MATERIAL FOR THE TASK:

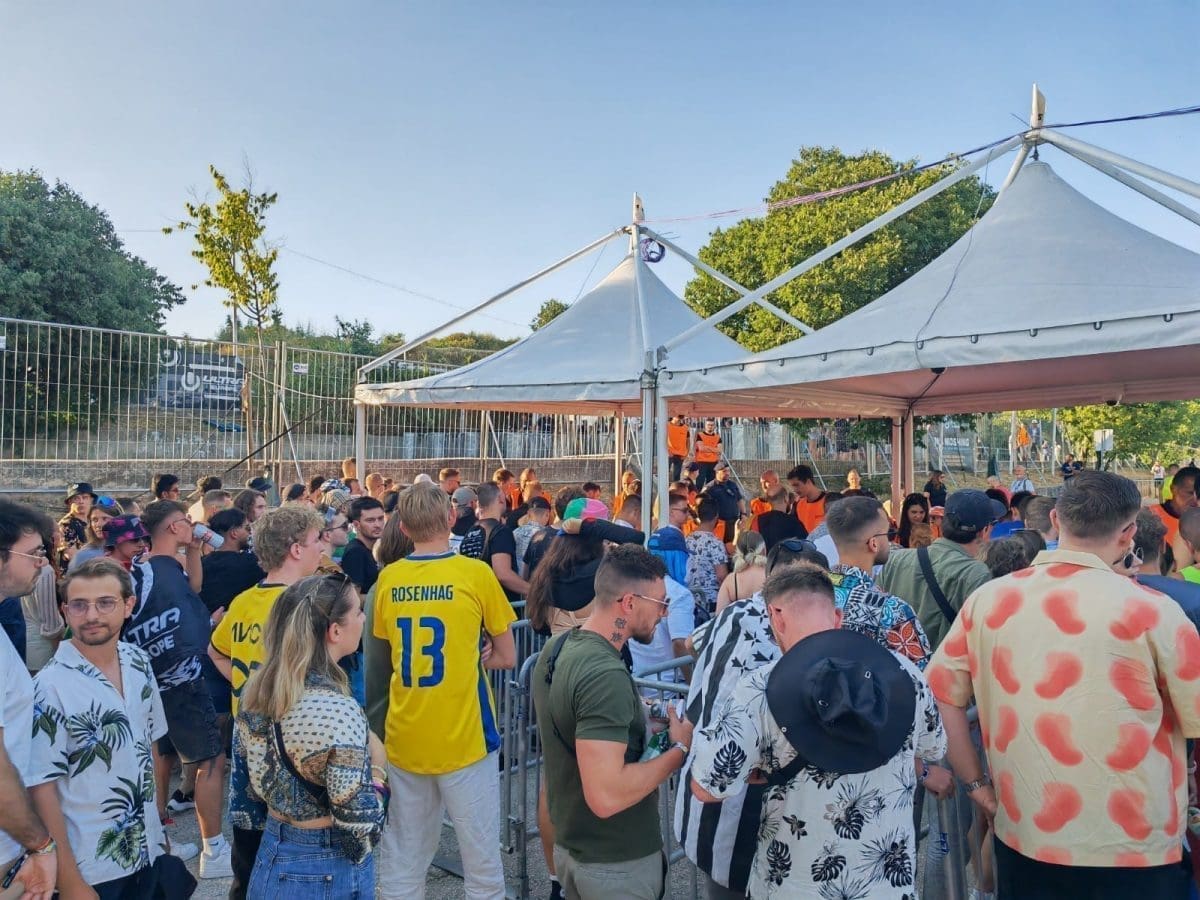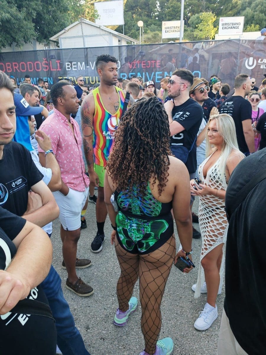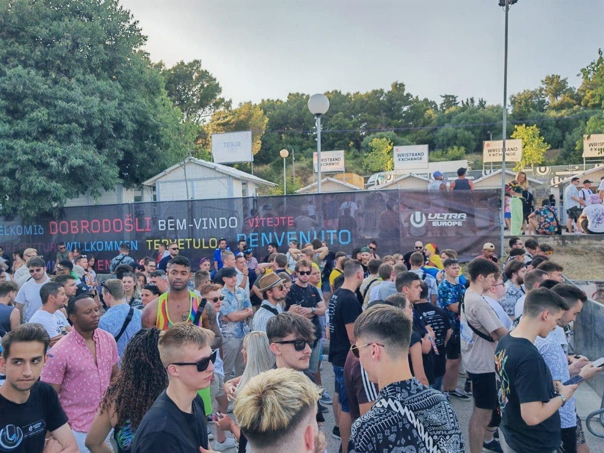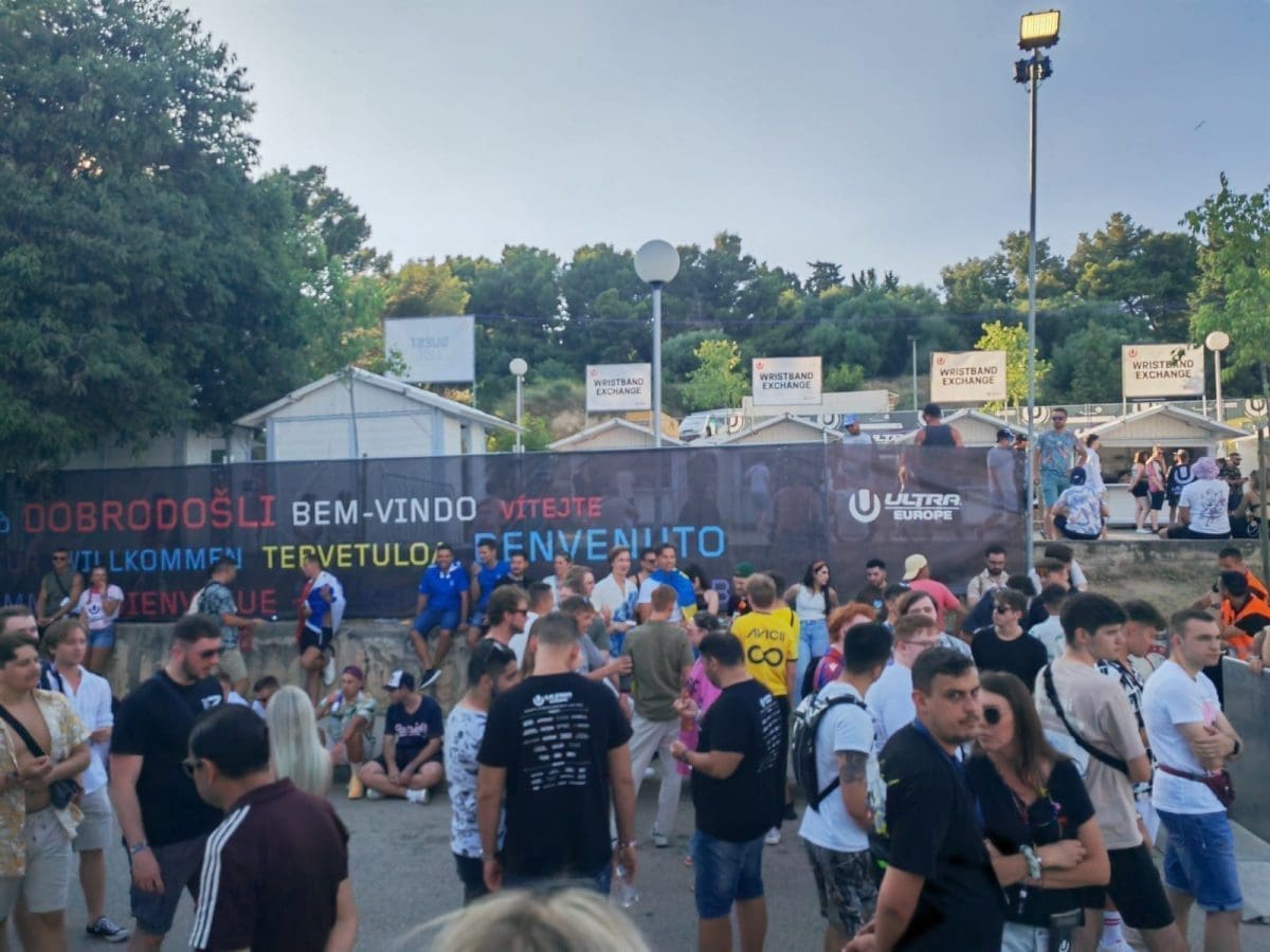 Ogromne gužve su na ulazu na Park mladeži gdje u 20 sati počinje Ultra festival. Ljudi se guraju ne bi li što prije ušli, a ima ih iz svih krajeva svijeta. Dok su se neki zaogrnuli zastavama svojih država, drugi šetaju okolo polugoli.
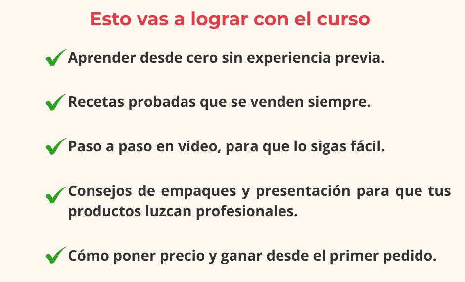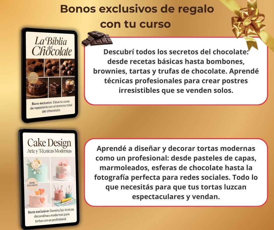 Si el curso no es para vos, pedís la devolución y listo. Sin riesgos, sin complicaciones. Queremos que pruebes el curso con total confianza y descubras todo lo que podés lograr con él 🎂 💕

...

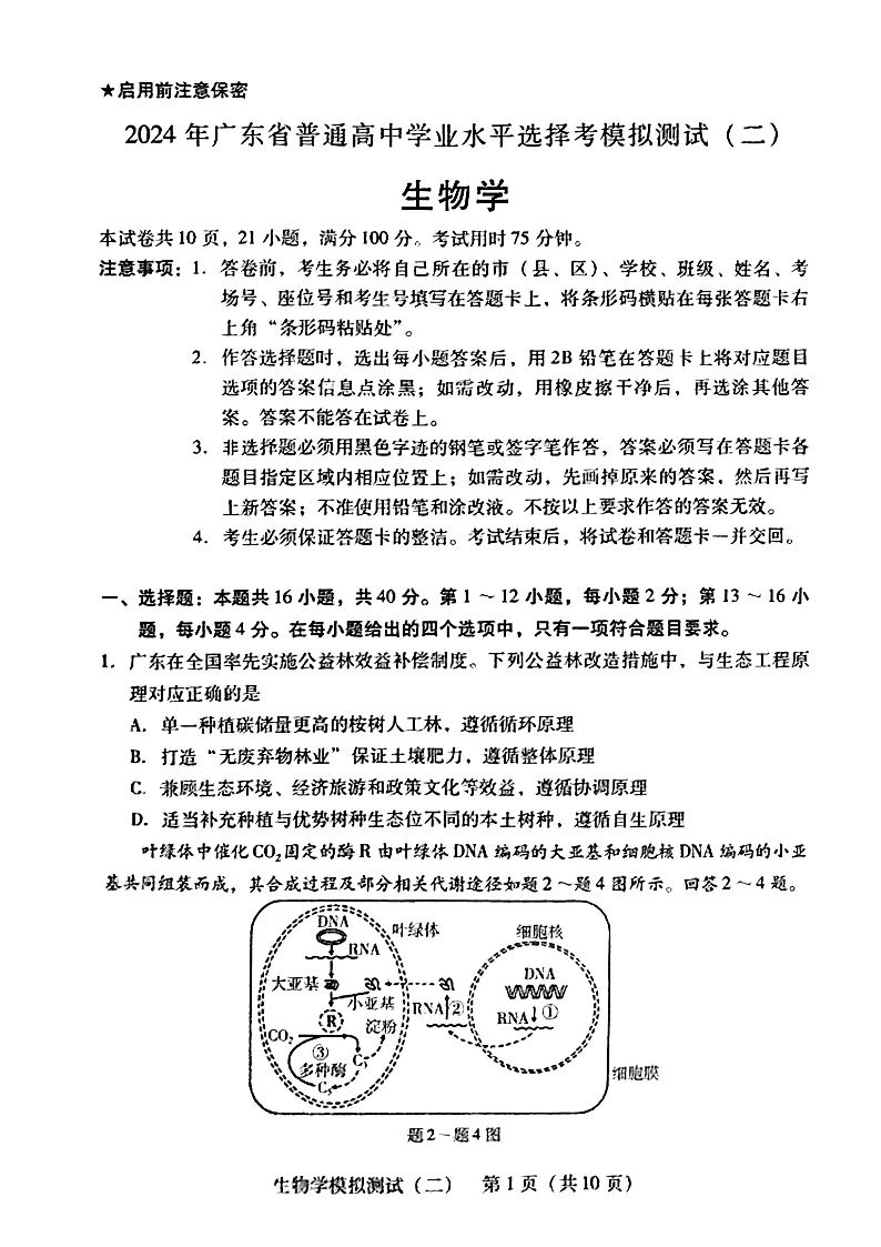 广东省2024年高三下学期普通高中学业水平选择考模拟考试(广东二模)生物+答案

YOUR TASK:
Start with the line with "Ogromne gužve su" in the listing above and stop after the line with "Si el curso". Write out exactly the lines in that stretch and no others, without pictures.

ANSWER BOX:
 Ogromne gužve su na ulazu na Park mladeži gdje u 20 sati počinje Ultra festival. Ljudi se guraju ne bi li što prije ušli, a ima ih iz svih krajeva svijeta. Dok su se neki zaogrnuli zastavama svojih država, drugi šetaju okolo polugoli.
 Si el curso no es para vos, pedís la devolución y listo. Sin riesgos, sin complicaciones. Queremos que pruebes el curso con total confianza y descubras todo lo que podés lograr con él 🎂 💕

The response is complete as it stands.